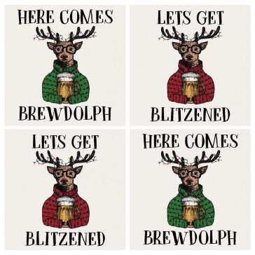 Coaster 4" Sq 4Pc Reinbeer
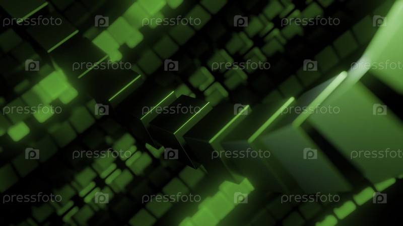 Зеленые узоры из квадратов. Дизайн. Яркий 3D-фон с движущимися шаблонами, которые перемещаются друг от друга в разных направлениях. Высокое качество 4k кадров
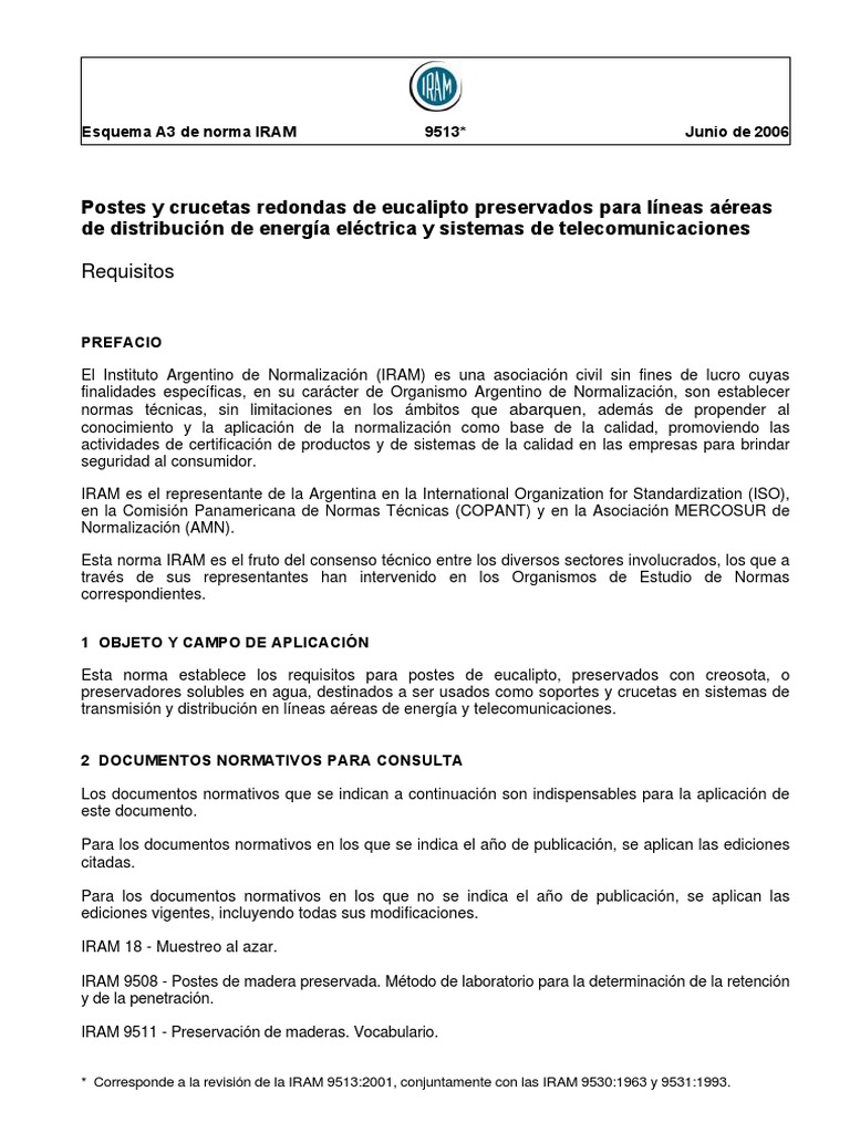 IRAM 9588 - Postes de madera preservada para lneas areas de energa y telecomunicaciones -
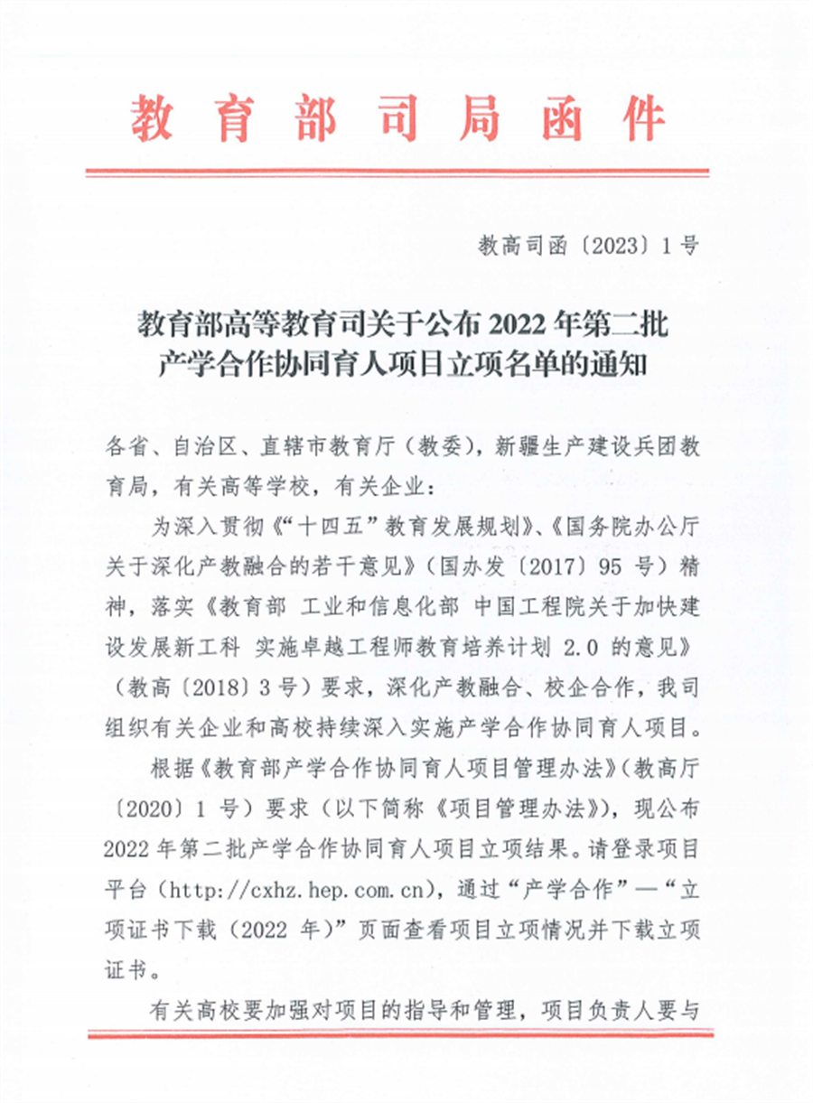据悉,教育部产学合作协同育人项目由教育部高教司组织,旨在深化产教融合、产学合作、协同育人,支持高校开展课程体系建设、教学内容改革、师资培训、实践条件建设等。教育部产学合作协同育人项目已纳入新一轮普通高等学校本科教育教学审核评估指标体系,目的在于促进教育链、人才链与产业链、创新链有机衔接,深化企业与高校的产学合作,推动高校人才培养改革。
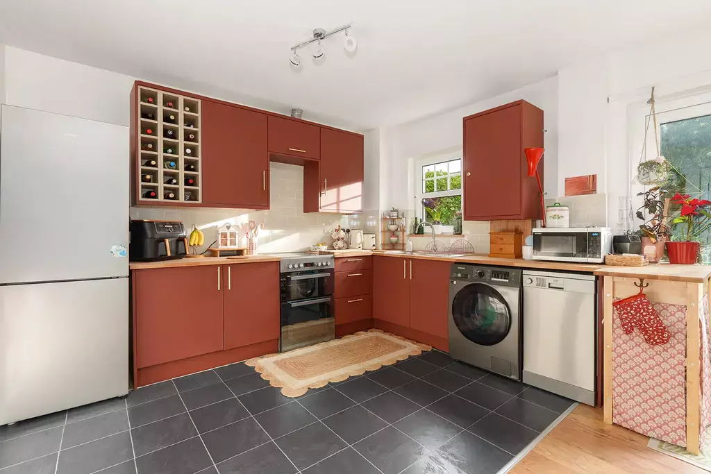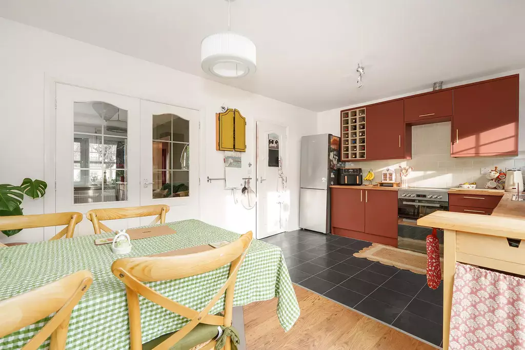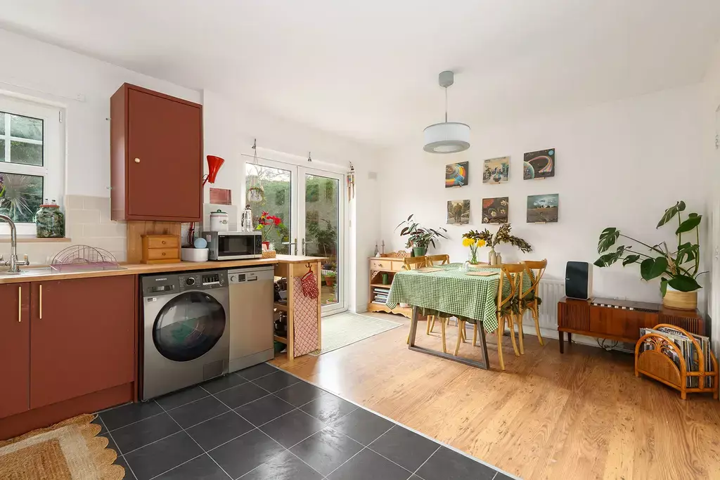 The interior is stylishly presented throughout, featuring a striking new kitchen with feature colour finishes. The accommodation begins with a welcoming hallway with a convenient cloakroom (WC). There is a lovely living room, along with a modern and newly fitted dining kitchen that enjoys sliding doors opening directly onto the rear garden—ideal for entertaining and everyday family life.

TASK PROMPT: Please transcribe the entries exactly, omitting the images.

ANSWER SPACE:
 Coaster 4" Sq 4Pc Reinbeer
 Зеленые узоры из квадратов. Дизайн. Яркий 3D-фон с движущимися шаблонами, которые перемещаются друг от друга в разных направлениях. Высокое качество 4k кадров
 IRAM 9588 - Postes de madera preservada para lneas areas de energa y telecomunicaciones -
据悉,教育部产学合作协同育人项目由教育部高教司组织,旨在深化产教融合、产学合作、协同育人,支持高校开展课程体系建设、教学内容改革、师资培训、实践条件建设等。教育部产学合作协同育人项目已纳入新一轮普通高等学校本科教育教学审核评估指标体系,目的在于促进教育链、人才链与产业链、创新链有机衔接,深化企业与高校的产学合作,推动高校人才培养改革。
 The interior is stylishly presented throughout, featuring a striking new kitchen with feature colour finishes. The accommodation begins with a welcoming hallway with a convenient cloakroom (WC). There is a lovely living room, along with a modern and newly fitted dining kitchen that enjoys sliding doors opening directly onto the rear garden—ideal for entertaining and everyday family life.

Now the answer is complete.